Here’s my pattern. I work hard, fill up my schedule to the max. I spread myself thin, and run myself ragged.

I end up with too many cups, and not enough water. Then I pour the water from all the not-urgent cups into the most urgent one. I do that one thing the best, and shove everything else aside.

Then I burn out. I fall apart for a few days, where I don’t want to do anything, or I get sick, because my body tells me to stop this stupidity.

And I end up accomplishing much less than if I had balanced things out.

What saddens me, is the first cup that I chuck is the “nothing” cup. I never do nothing. Calvin, and the little boy inside of me, would be ashamed.

I wasn’t even aware it was a problem until I read Play It Away, a book by Charlie Hoehn on curing anxiety. Charlie pointed out that I wasn’t playing enough. Worse still, when I played, instead of feeling good, I felt guilty. And that’s so wrong on so many levels.

After reading his stuff, I decided to do something about it.

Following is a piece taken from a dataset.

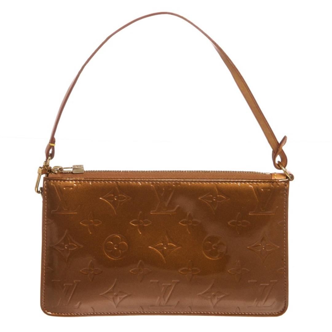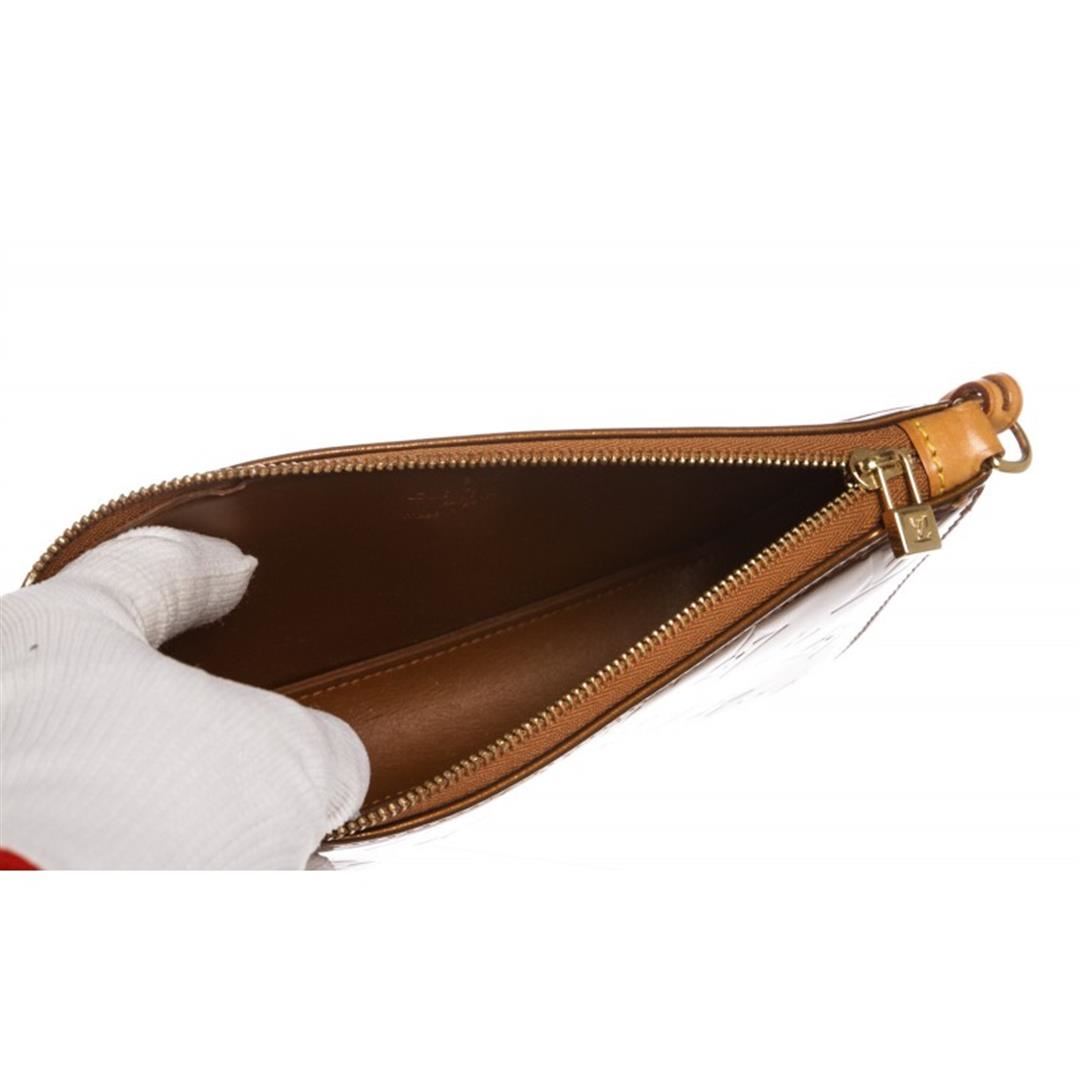 Monogram Vernis leather Louis Vuitton Lexington Pochette with brass hardware, tan vachetta leather trim, single flat top handle, tonal leather lining and zip closure at top. Item is pre-owned.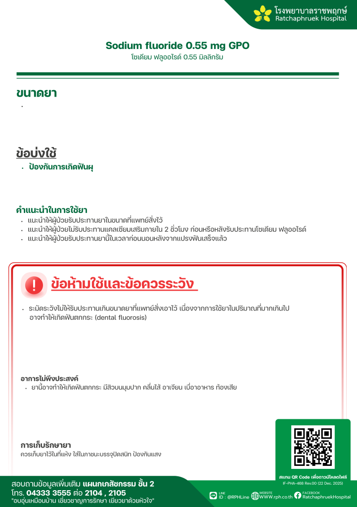 Sodium fluoride 0.55 mg GPO (โซเดียม ฟลูออไรด์) 29 มกราคม 256929 มกราคม 2026qualityDrug Information, ความรู้สุขภาพ FacebookFacebookXXLINELine

I decided to take a day, and do nothing.

Thank Baby Mario for Office Space

Sunday evening. 6pm. I was home, alone, tired. I had a blog post to write. I had dishes that needed doing. I had a full basket of laundry. My shoulders were tense and needed some physio exercises and stretching. My fridge was empty, I had to do groceries.

6:10pm. Shit. Ten minutes of worrying, and wasted mental energy, and I still haven’t done any of that stuff. I’d better… wait.

It can all wait.

The world isn’t going to end if I don’t write a blog post. I’ll survive without groceries this one night.

I took a deep breath then.

You know what I did?

Nothing office space


I did nothing. I ordered a chicken salad with avocados, turned on Netflix, and watched The Clone Wars cartoons for a few hours (thanks JR for the recommendation!).

And it was glorious.

I didn’t think about anything, except watch Jedi do backflips and wield lightsabers, and imagine myself taking down an army of droids with The Force.

I went to bed at 10pm, relaxed and happy.

When I woke up Monday morning, I was so ready to kick ass. For the first time in weeks, I felt like I had a full night’s sleep, and actually felt rested.

I had some oatmeal, moseyed on down to the gym, and pushed like a maniac. Quick shower, then I was off to the office, where I had one of the most productive days ever.

Who knew a little bit of nothing one night, could mean a lot of good somethings the next day?

Of course, I’ve been busy every night since then, and life’s been hectic. It’s not easy getting rid of patterns, and I do still have many cups to fill. Or many cups to empty out, I haven’t decided yet.

However, this Sunday night, I have a date with my new best friend: NOTHING.

I’m not good at this nothing business yet, but I’m thinking, with a bit of practice, I’ll get better at it.

And maybe, in doing so, get better at everything else as well.

3 comments add your comment

  1. Nothing truly is a beautiful thing. I feel ya on that. I’ve been working on a website, hitting the gym, and spending time with the girl, so I haven’t been able to just veg out for a good while now, though a free day will be coming up soon, due to a day off work, thank god!

    • Oh man Seth, when you get that free day, milk it for all it’s worth. It’s going to be GLORIOUS

  2. First of – thank You for writing every once in a while. Your wisdom is appreciated here.

    Funny, “nothing” is the first cup I take care of. And it’s what I consider my biggest weakness. Still, I really do see your point – what most people don’t know is: you are only free when you do nothing. In fact, the old Greeks considered this to be a main difference between a citizen and a slave: free time to think.

    On the other hand, as capitalism forces you to work, it’s really hard to achieve (what does that mean, anyway?) anything, if you don’t work hard. But what worth are achievements, if you don’t have the nothing-time to enjoy them?